When will pharma appreciate that investment in diagnostics boosts therapy ROI?
May 4th, 2017
The FT US Healthcare and Life Sciences Summit in New York, now in its sixth successful year, will bring together industry leaders from across the healthcare and life sciences continuum to explore the major transformations ahead. Peter Keeling, CEO of Diaceutics, will be speaking at the May 2017 event on Leveraging diagnostics and analytics (Dx) to boost therapy return on investment – a 360° review.
With over $200bn of drug revenue already shaped by diagnostics and 70 per cent of future pipelines biomarker enabled, the dependence of the future pharma business model on integrating diagnostics is no longer in question. However, this throws into sharp focus the readiness of the industry to understand and optimize the clinical diagnostic ecosystem underpinning every therapy launch.
The question is no longer “Which patients tested positive for a targeted therapy choice?” but rather “How many of the right patients were not tested and missed the treatment opportunity?”
It’s a subject that has long been a concern for Diaceutics, and we have regularly assessed the introduction of diagnostics earlier in the patient journey with the underlying message that not only will more patients get directed to the right treatment but that financial returns will be significantly boosted by such diagnostic investment. In one of our regular Expert Insights, Diagnostics are a Driver, Not a Cost, Keeling uses the example of how Merck invested in a genetic test for KRAS mutations performed on cancer tissue before starting treatment, in order to support its targeted therapy, Erbitux, and direct more patients to the drug.
It’s not only the initial investment in diagnostics that could prove rewarding for patients and pharma alike.
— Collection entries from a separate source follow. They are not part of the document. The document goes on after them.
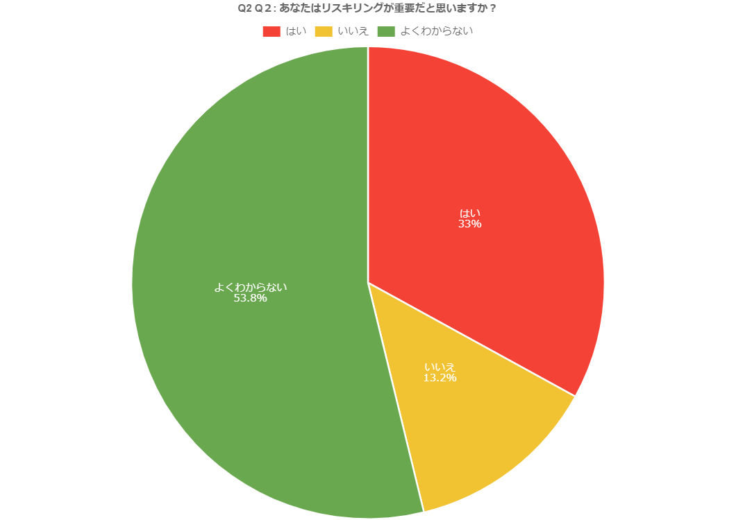 リスキリングの重要性については、33%が重要だと思う一方で、53.8%はよくわからないと回答しています。Q1でリスキリングに関する知識があると回答した人が全体の2割程度のみであ
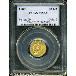1909 $2 1/2 MS63 PCGS. Boldly struck with smooth, 1909 $2 1/2 MS63 PCGS.
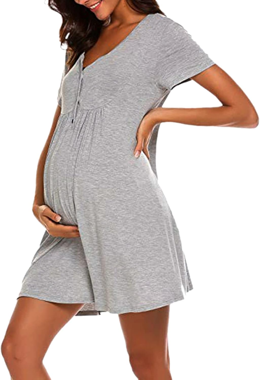 Schwanger und trotzdem total stylisch! Dieses Umstandskleid von HAPPY MAMA sitzt wie angegossen in jeder Phase deiner Schwangerschaft. Aus weichem Viskosejersey mit dehnbarem Wickeldesign und elastischer Empire-Taille über dem Bauch. Der V-Ausschnitt betont deine weiblichen Kurven, während die reguläre Passform genug Platz für deinen wachsenden Babybauch lässt. Länge ca. 90-96 cm, Ärmellänge ca. 10 cm - perfekt für Büro, Freizeit oder besondere Anlässe. Verfügbar in verschiedenen Größen von 36-50. Fühl dich wohl und schön in deiner Schwangerschaft mit diesem vielseitigen Kleid, das zu jedem Anlass passt!
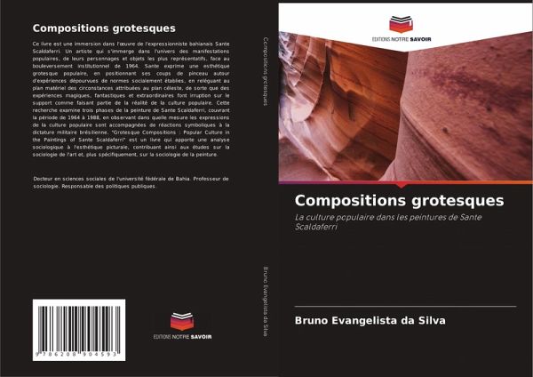 Ce livre est une immersion dans l'oeuvre de l'expressionniste bahianais Sante Scaldaferri. Un artiste qui s'immerge dans l'univers des manifestations populaires, de leurs personnages et objets les plus représentatifs, face au bouleversement institutionnel de 1964. Sante exprime une esthétique grotesque populaire, en positionnant ses coups de pinceau autour d'expériences dépourvues de normes socialement établies, en reléguant au plan matériel des circonstances attribuées au plan céleste, de sorte que des expériences magiques, fantastiques et extraordinaires font irruption sur le support comme faisant partie de la réalité de la culture populaire. Cette recherche examine trois phases de la peinture de Sante Scaldaferri, couvrant la période de 1964 à 1988, en observant dans quelle mesure les expressions de la culture populaire sont accompagnées de réactions symboliques à la dictature militaire brésilienne. "Grotesque Compositions : Popular Culture in the Paintings of Sante Scaldaferri" est un livre qui apporte une analyse sociologique à l'esthétique picturale, contribuant ainsi aux études sur la sociologie de l'art et, plus spécifiquement, sur la sociologie de la peinture.

With its global network of laboratories and its position as a leading provider of lab analytics and tracking, Diaceutics is perfectly placed to see where testing can be optimized in that setting. In an Expert Insight on data-powered decision-making in personalized medicine, we discuss how with CML, inter-laboratory variation in BCR-ABL1 to control gene ratios is widely recognized. We then ask, “How many patients are NOT tested consistently in the same lab?”, and are able to calculate ‘the potential financial values to companies in the TKI space of proactively reducing inter-laboratory variability in a chronic cancer’. The costs are modest but the financial benefits are significant.
So the theme, enhanced by our latest data and understanding of the diagnostic space, is developed at the FT Summit. The briefing will quantify the missed treatment opportunity based on real-time, real world US testing data, and discuss the readiness of the Pharma industry to radically improve patient testing in support of improving outcomes and accessing higher return on precision medicine investments.